There is currently a debate raging: is borderline personality disorder (BPD) actually a personality disorder? Some experts argue against the current classification as a personality disorder. This debate focuses around etiology and the roles of nature and nurture. That is, is the cause of BPD mainly genetic or is it a response to traumatic experiences and genetic predisposition?

Personality disorders are defined by by the DSM-5-TR as “an enduring pattern of inner experience and behavior that deviates markedly from the expectations of the individual’s culture”. However, in common use, personality disorders often label life-long patterns of behavior and thinking. The significance of this definition becomes very apparent with BPD.

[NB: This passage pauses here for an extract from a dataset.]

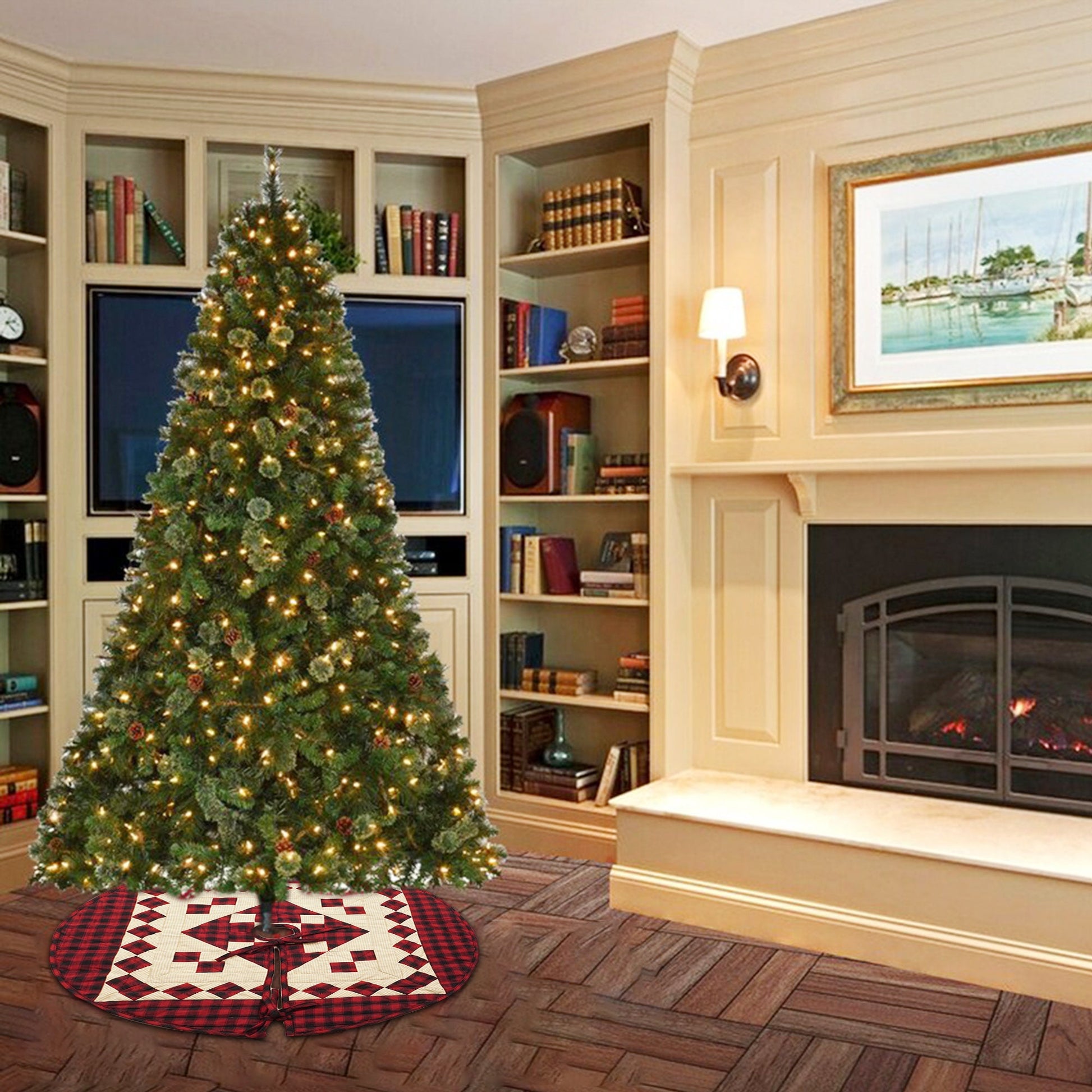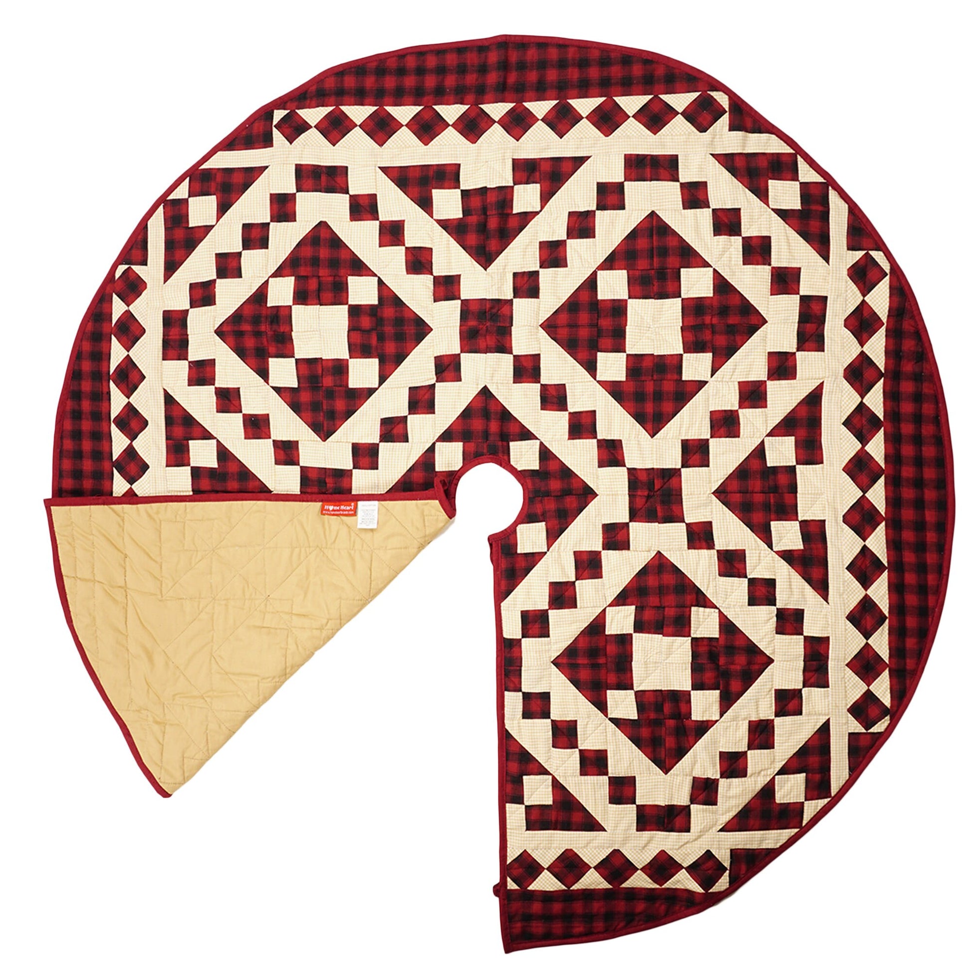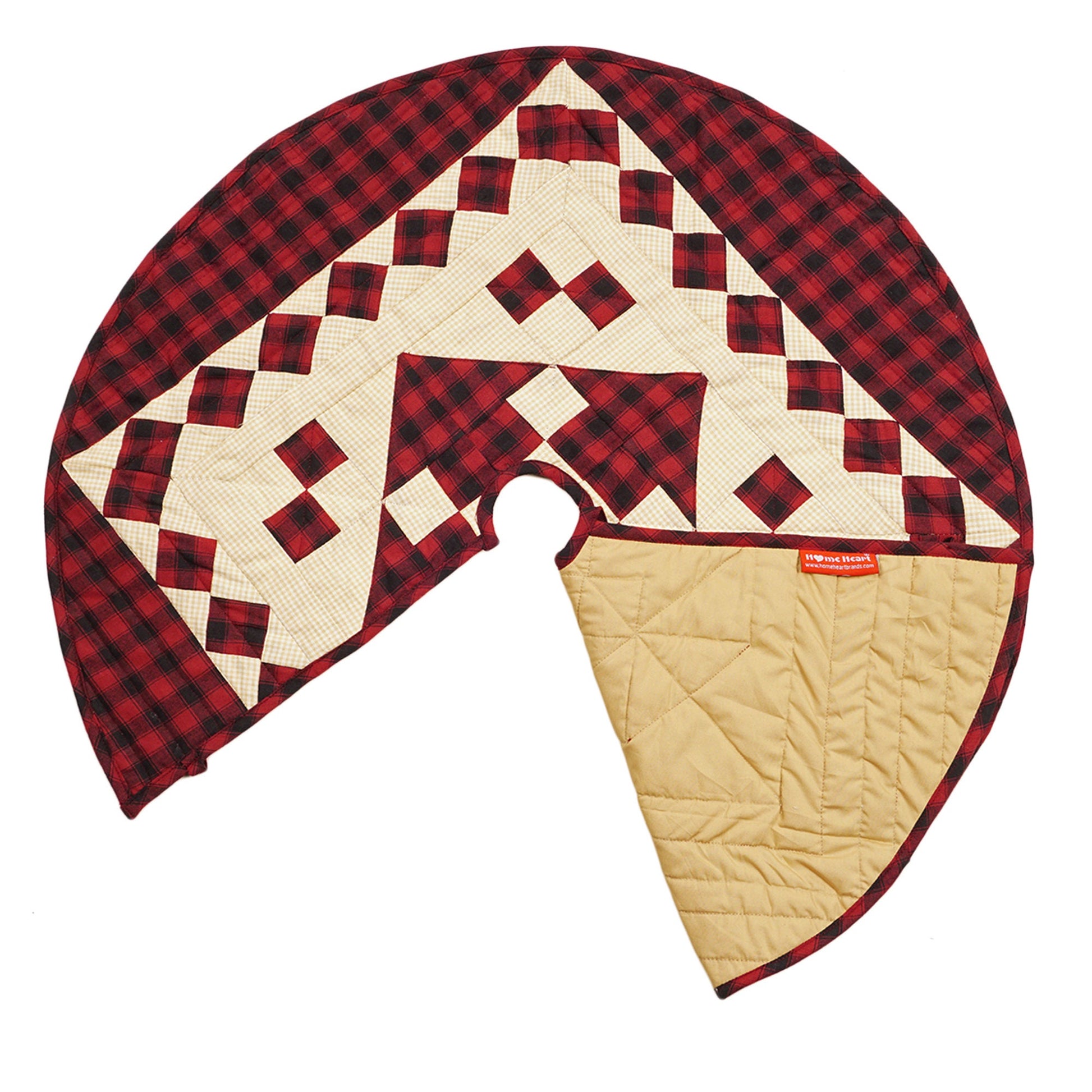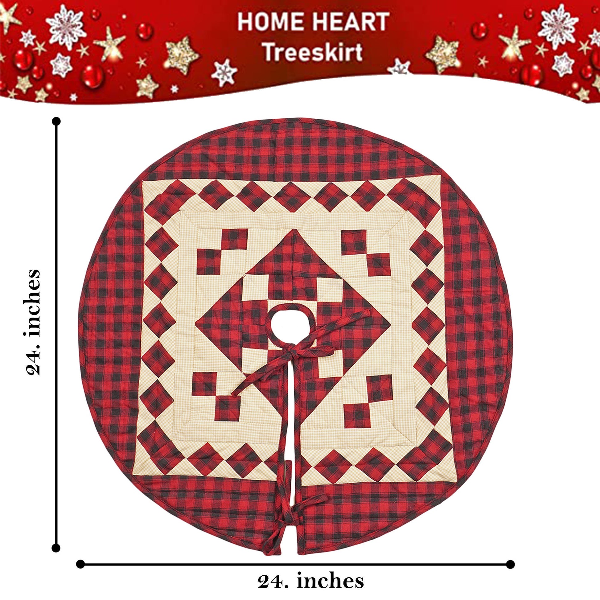 Christmas tree skirt quilted patchwork Red diamond square plaid Thick Double Layer Heirloom Quality by HOME HEART Brands(Made in India)

Arguments in favor of this being a trauma response point out that symptoms of BPD can go into remission at times. This differs from other personality disorders, such as antisocial personality disorder. Additional arguments revolve around correlations between the diagnosis of BPD and adverse childhood experiences and invalidating environments. So then is BPD simply a response to trauma?

Arguments for the continued use of the diagnosis focus on the symptoms unique from additional diagnoses and the benefits gained from diagnosis. One argument in favor is the access to treatment that occurs with speedy diagnosis which outweighs the stigma surrounding the diagnosis. Current treatments for BPD include dialectical behavioral therapy and mentalization-based therapy. Additionally, other research supports the diagnosis and argues that symptoms distinct from co-occurring disorders are identifiable.

Another area to consider is the practice of classifying and diagnosing disorders. Usually a set of symptoms occur in a certain pattern that negatively impact people lives in specific ways (e.g., thoughts of being judged and avoidance in social anxiety). Diagnosing clinicians do not typically say the diagnosis is not occurring because of how it developed. Instead, they diagnose the condition and focus treatment on contributing processes like patterns of cognition, emotion, and behavior.

Regardless of whether the condition continues to receive the label of personality disorder, some aspects of it will not change. This includes understanding risk factors associated with the identified symptoms and using recommended treatments. For now, this controversy remains purely in the categorical arena and does not impact the treatments we use to help.